Сначала я собирался просмотреть только женщин, но потом узнал одного и другого, похожих на тех, чьи портреты висели в Ульсгарде, и когда подсвечивал их снизу, они шевелились и тянулись к свету, и мне казалось бессердечным хотя бы ради этого немного не повременить. Я узнал все того же Христиана IV[66] с красиво заплетенной косицей и с широкими, медленно закругленными щеками. Тут находились, наверное, его жены, но я узнал только Кирстину Мунк[67]; и вдруг на меня взглянула Эллен Марсвин[68], недоверчивая в своем вдовьем одеянии и с ниткой жемчуга на полях высокой шляпы. Тут были дети короля Христиана: все свежей и свежей от новых жен, «несравненная Элеонора»[69] на белом иноходце в свое самое блестящее время, до испытания. Гильденлеве: Ханс Ульрик[70], о ком испанские женщины говорили, что он подрумянивается, таким полнокровным он выглядел, и Ульрик Христиан[71], кого, если увидел однажды, уже не забудешь.
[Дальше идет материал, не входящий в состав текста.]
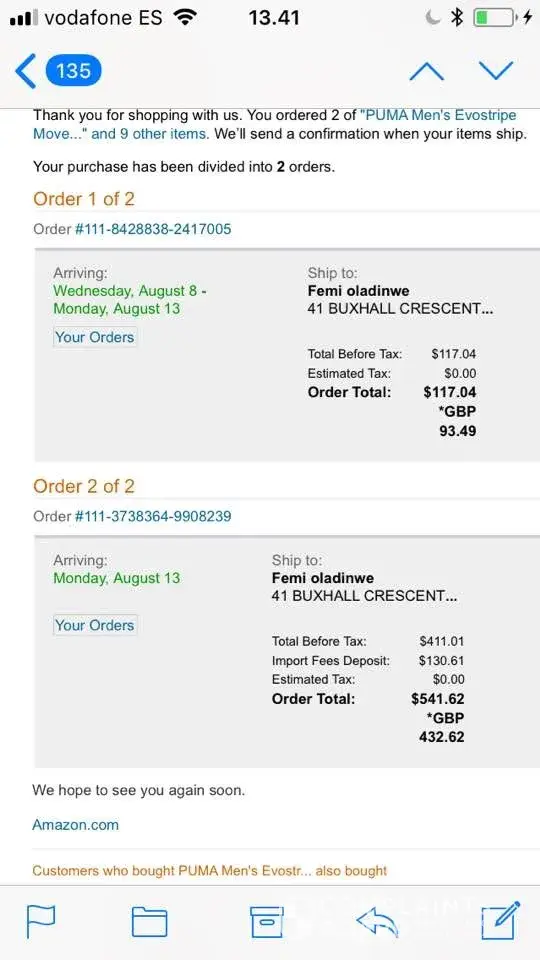 I'd like to file a complaint with regards to a refund, that I still haven't received from Amazon and I'm not really sure why I haven't received it yet, as I have passed on all the information and evidence that they have asked for in emails, in order to process the refund, but I don't hear anything back. Here is some information to help you understand the situation, (please see the text below and attachments 😌).

И почти все Ульфельды[72]. И этот, с глазом, замазанным черным, может быть, Хенрик Хольк[73], кто в тридцать три года стал рейхсграфом и фельдмаршалом – а получилось так: по дороге к девице Хиллеборг Крафзе ему приснился сон, что он обручится не с невестой, а с мечом, и он принял сон близко к сердцу, и повернул назад, и начал свою короткую дерзновенную жизнь, увы, оборванную чумой. Вот все, кого я знал. Посланники конгресса в Нимвегене[74] тоже имелись у нас в Ульсгарде, немного похожие друг на друга, потому что все они рисовались сразу, с узкими, несколько озадаченными, больше похожими на брови усиками, почти зрящими ртами. То, что я узнал герцога Ульриха[75], понятно само собой, и Отте Брахе[76], и Клауса Даа[77], и Стена Розенспарре[78], последнего в своем роду; потому что я видел портреты их всех в зале Ульсгарда или в старых папках с гравюрами на меди, где они изображены.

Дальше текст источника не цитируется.